Stupid, stupid Jackie.
In preparation for the event, I pulled out a little friend we call Nemo. The DVD was meant to relax them pre-appointment as well as help me broach the subject of having their pearly whites inspected. I have to say, it wasn't the worst idea I've ever had. I was pretty pleased with the discussion, complete with promises of real fish in the tank and stickers when it was all over.
As we drove the half mile from our lovely rented apartment to the office, Brady calmly informed me that he wouldn't actually be participating but was just "going to watch." I let it slide, took a deep breath and gripped the steering wheel a little bit tighter.
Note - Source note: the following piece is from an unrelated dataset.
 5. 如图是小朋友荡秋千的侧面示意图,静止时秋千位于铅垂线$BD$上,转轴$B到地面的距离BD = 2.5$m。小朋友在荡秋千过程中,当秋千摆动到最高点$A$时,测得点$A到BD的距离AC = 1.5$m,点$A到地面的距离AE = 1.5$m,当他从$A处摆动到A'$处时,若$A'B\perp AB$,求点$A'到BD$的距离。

You might ask why my son -- who will be four at the end of September -- has never been to the dentist. And if I gave you the honest answer, I would say it's because his mother is a coward. The idea of my strongly-opinionated son being directed to rest comfortably while opening his mouth for a complete stranger to take a look... that held no appeal for me. And I truly believed that the effort would be wasted. If I can't force him to try certain foods, I certainly can't make him get his teeth cleaned, right? But it was time. I couldn't very well let him dictate whether he went or not -- I AM THE MOM HERE.
We arrive at the office and the kids fight over, I mean PLAY, with the toys while stopping every few seconds to chat with the fish in the over-sized tank. They were so cute with their new swimming friends, Brady even took to naming them Buddy and Mia after our dogs. After I filled out what felt like an hour of paperwork, we were called back to begin.
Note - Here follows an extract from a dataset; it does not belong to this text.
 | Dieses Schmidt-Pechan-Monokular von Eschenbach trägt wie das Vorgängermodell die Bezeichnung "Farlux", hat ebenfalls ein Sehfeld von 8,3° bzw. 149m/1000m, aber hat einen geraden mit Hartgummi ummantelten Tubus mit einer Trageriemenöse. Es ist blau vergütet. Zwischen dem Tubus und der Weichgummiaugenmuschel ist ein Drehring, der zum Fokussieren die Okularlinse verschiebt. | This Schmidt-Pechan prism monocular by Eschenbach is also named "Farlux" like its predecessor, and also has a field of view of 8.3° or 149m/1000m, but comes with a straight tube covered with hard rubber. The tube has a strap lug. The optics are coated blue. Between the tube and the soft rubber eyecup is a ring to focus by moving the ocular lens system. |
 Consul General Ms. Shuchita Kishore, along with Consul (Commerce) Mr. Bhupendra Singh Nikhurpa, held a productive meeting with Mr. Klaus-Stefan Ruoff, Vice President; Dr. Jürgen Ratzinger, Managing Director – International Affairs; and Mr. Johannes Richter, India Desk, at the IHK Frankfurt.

While Jacob sat for X-Rays, Brady discovered the video games. Lucy took the two-minute opportunity to sneak around and touch every possible piece of equipment, turning monitors off and eluding my grasp each time I tried to pull her off. Holding her wiggly body, screaming for me to "stop it, mommy," while coercing Jacob to hold the gag-inducing dental apparatus in his mouth long enough for the hygienist to take a picture was proving to be a challenge (They never did get the shot of his teeth).
But it was when Brady discovered that he was required to do more than watch, did the floss hit the fan.
The tantrum that ensued can only be compared to that of a bull in Pamplona. But I can assure you that those risk-taking fools in Spain would never lack the common sense it requires to subject themselves to the Running of the Brady. While I comforted my bucking bronco, his big brother moved on to get his teeth cleaned. Lucy, never missing an opening when she sees one, climbed up on another chair and began giving herself a dental exam. My apologies to the staff who had to then re-sterilize all of the equipment.
Somewhere between ten and 20 minutes later, Brady calmed down. If I didn't know better, I would think his behavior was actually a secret alliance between him and a little busy girl I know. The twinkle in her eye was proof that she was quite pleased with his ability to distract her fun-killing mommy, giving her the chance to play assistant to the dentist who was checking Jacob's teeth. I swear I saw her slip him a dollar as I turned around.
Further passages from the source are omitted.